__BRIEF__. Beneath this task are the entries; from the line with "Sanding solution implemented" through the last one, transcribe every line exactly and nothing else, skipping pictures.

===== ENTRIES SUPPLIED

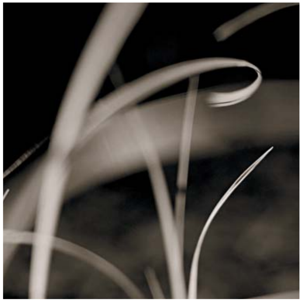
Forest Light Series #11, 1992
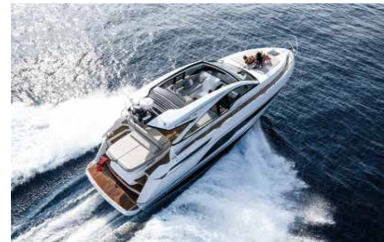
Fairline 43 Targa reviewed this issue also acquired a World Yachts Award for Best Exterior Design 14m-18.5m

Vuitton and Groupe Arnault. In January 2016, L Capital merged with Catterton to become L Catterton, now recognised as the largest global consumer-focused investment firm.
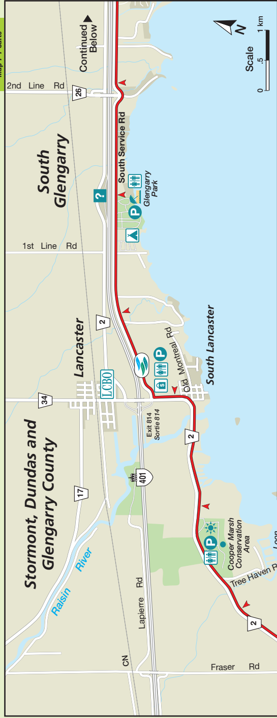
Map 7-7: Lancaster
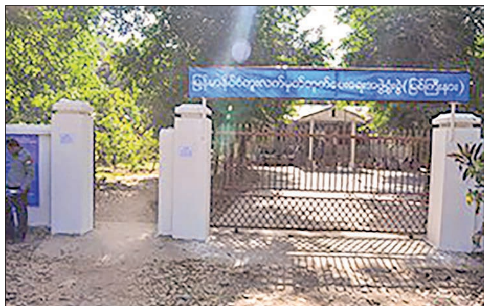
The facade of the Myanmar Passport Office (Myitkyina).

The Myanmar Passport Board has been issuing passports at the Yangon office since 24 February and at Nay Pyi Taw, Mandalay, Patheingyi, and Bago offices since 26 February – all through an online appointment system.
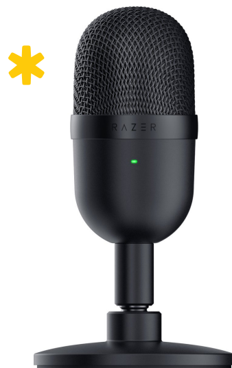
Razer Seiren Mini
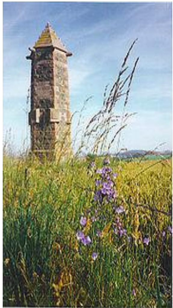
The Monument to the Battle of Harlaw.
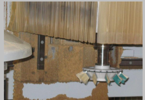
Sanding solution implemented on a CNC machine.

Surface sanding on profiled doors in through feed
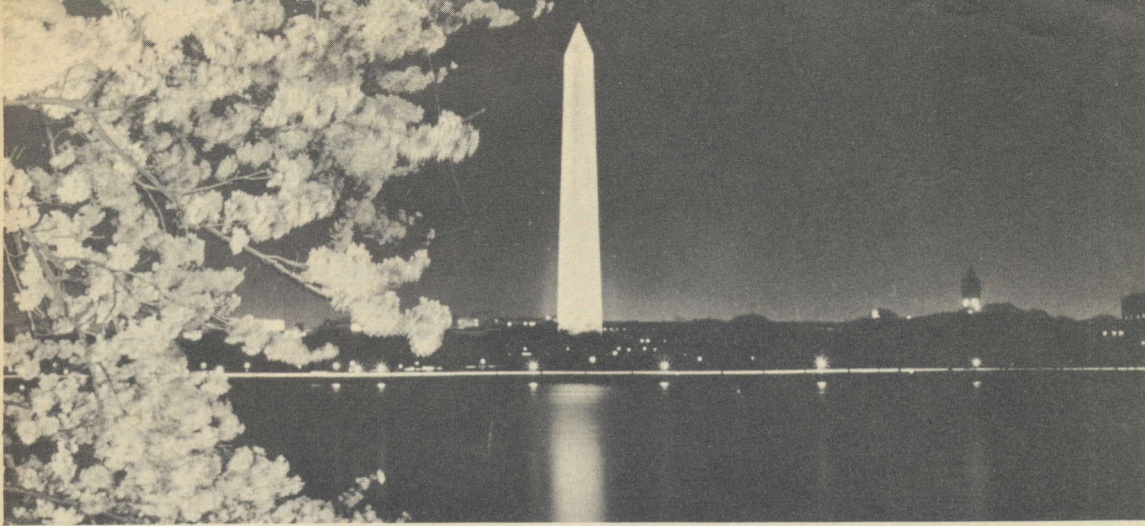
Night View of Monument

high and 250 feet in diameter, surrounded by 30 columns each 12 feet in diameter and 45 feet high. This temple was to be an American pantheon, a repository for statues of Presidents and national heroes, containing a colossal statue of George Washington. The proportions of Mills' shaft, which were at variance with traditional dimensions of obelisks, were altered to conform to the classic conception. This produced an obelisk that for grace and delicacy of outline is unexcelled by any in Egypt.

==========

__SOLVED PROBLEM__.
Sanding solution implemented on a CNC machine.

Surface sanding on profiled doors in through feed
Night View of Monument

high and 250 feet in diameter, surrounded by 30 columns each 12 feet in diameter and 45 feet high. This temple was to be an American pantheon, a repository for statues of Presidents and national heroes, containing a colossal statue of George Washington. The proportions of Mills' shaft, which were at variance with traditional dimensions of obelisks, were altered to conform to the classic conception. This produced an obelisk that for grace and delicacy of outline is unexcelled by any in Egypt.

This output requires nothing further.